25 Insurance Legends

Last week’s issue of National Underwriter profiled the industry’s “Living Legends: 10 Visionaries Who Fundamentally Changed Insurance Forever — For Better or Worse.” Their online supplement took it even furthering, offering a list of “The Top 25 Living Legends of Insurance.”

From household names like investment oracle Warren Buffett and financial sector watchdog Barney Frank to industry leaders like Travelers CEO Jay Fishman and Willis CEO/Chairman Joe Plumeri, the list summarizes the contributions of so many insurance titans.

However, by far my favorite description has to go to Insurance Information Institute (III) head honcho Robert Hartwig, who National Underwriter calls an “Omnipresent Guru.”

You might think Robert Hartwig is omnipresent. When he’s not on TV giving the insurance perspective on a wide range of issues or being quoted in various national publications, Hartwig is traveling across the globe giving presentations on the industry.

“I make about 100 presentations a year,” says the president of the Insurance Information Institute. “It’s very common for me to be in two or three different cities every week—and they’re not near each other.”

But despite always being in such high demand, Hartwig has developed a reputation for himself and the I.I.I. for being a credible source of information in the insurance world.

“If you were to ask me which of the countless websites available to keep in touch with our industry today, I’d say the best is I.I.I.,” says Hank Watkins, president of Lloyd’s America. “Bob is very good at what he does. He’s a true spokesperson for the industry.”

Hartwig really is the best in the biz.

Travelers CEO Jay Fishman Speaks on the “American Opportunity”

A while back, I wrote a story on racial diversity — or, more accurately, the lack thereof — in the risk and insurance industry. There were several people I talked to whose words have stayed with me even almost four years later. Specifically, I remember a few days spent in Philadelphia at the annual conference of the National African-American Insurance Association (NAAIA).

It was an interesting place to be while I, a white guy, was writing about what it is like for nonwhites to work in an industry that even today remains racially homogeneous to a staggering degree. Of the few hundred attendees there, I was one of about five white people. The awkwardness that I felt by this (at times … everyone was overwhelmingly welcoming), especially while walking around with a reporter hat on essentially asking everyone “So … what’s it like to be black?,”  provided an excellent means to frame my understanding of how black people working in insurance must feel all the time. It is just strange to be unlike virtually everyone else around you from such a fundamental, identity-establishing perspective.

It was somewhat ironic, then, that the most enduring memory I have from those few days was provided by another person just like me: a white dude who stood out like a tourist.

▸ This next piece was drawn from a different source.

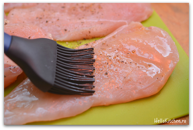 5. Кладём филе на сухари маслянной стороной вниз и только после этого смазываем вторую сторону филе сливочным маслом. В сухари можно добавить немного тёртого сыра пармезана.

Jay Fishman, CEO and chairman of Travelers, gave a speech to discuss what his company was doing to try to promote better diversity at his company.

Here is how I wrote about it at the time.

[The September 2008] NAAIA conference in Philadelphia was particularly memorable as it marked both the association’s tenth anniversary as well as the first time the CEO of a major insurer gave a keynote address. Travelers chairman and CEO Jay Fishman spoke to around 200 people over lunch and was visibly emotional as he articulated his feelings on the industry’s legacy of exclusion and his company’s struggles to overcome the past.

“I’m outside my zone of comfort and to not acknowledge that, I’d be lying,” said Fishman. “I’m in awe of this group. My awkwardness is born out of sensitivity — not out of an unwillingness to tackle the subject.”

While Fishman admitted that Travelers may not have been focused on diversity for as long as some of the other carriers and brokers in the industry, he also expressed a personal commitment and discussed his company’s recent diversity program advancements. “There has been an awakening to the inequities of the past,” said Fishman. “We’re not where we want to be, but at best, we’re headed in the right direction. At best.”

When I wrote that he was visibly emotional, I mean that he might have actually been crying on stage. He was clearly choked up throughout his presentation and really seemed to be going through something while addressing an audience of black people and telling them that, essentially, his industry was still failing to include them just as much as it had been doing for the past century.

I’m not sure exactly what all this has to do with the video below. But the clip was made by Travelers and it shows Fishman talking about how he has “been a remarkable beneficiary of the American opportunity” while discussing how his grandmother immigrated to the United States from Russia when she was 13 years old to work a sewing machine.

So that just struck a chord and reminded me of a time when he seemed to also realize how unique his American story was — and how genuinely I once saw him expressing how much he wishes that others could benefit from that same opportunity just as much as he has.